YOUR TASK:
A faithful copy of all the data is the goal; omit the pictures.

DATA:
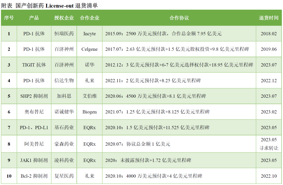 以上统计的退货或拟转让清单中,情况各不相同。恒瑞医药的PD-1抗体授权给Incyte,后可能因为血管瘤副作用等问题被退货。Incyte转而引进Macrogenics的PD-1抗体,并最终在美国获批上市。
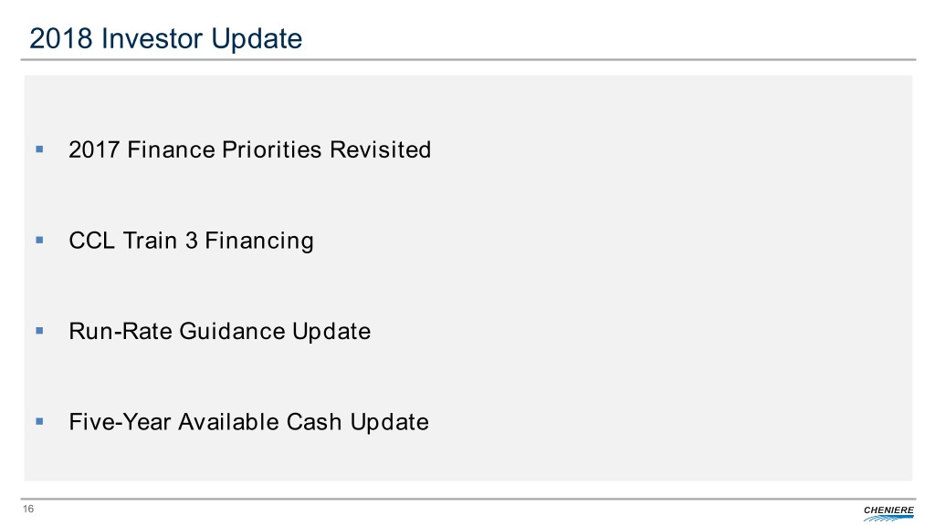 2018 Investor Update . 2017 Finance Priorities Revisited . CCL Train 3 Financing . Run-Rate Guidance Update . Five-Year Available Cash Update 16
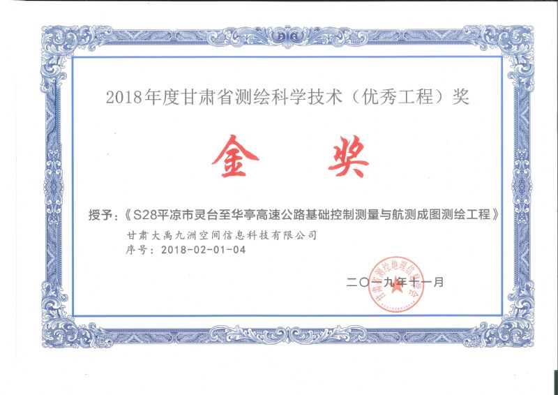 2018年度甘肅省測繪科學(xué)技術(shù)(優(yōu)秀工程)獎金獎

ANSWER TO THIS TASK:
 以上统计的退货或拟转让清单中,情况各不相同。恒瑞医药的PD-1抗体授权给Incyte,后可能因为血管瘤副作用等问题被退货。Incyte转而引进Macrogenics的PD-1抗体,并最终在美国获批上市。
 2018 Investor Update . 2017 Finance Priorities Revisited . CCL Train 3 Financing . Run-Rate Guidance Update . Five-Year Available Cash Update 16
 2018年度甘肅省測繪科學(xué)技術(shù)(優(yōu)秀工程)獎金獎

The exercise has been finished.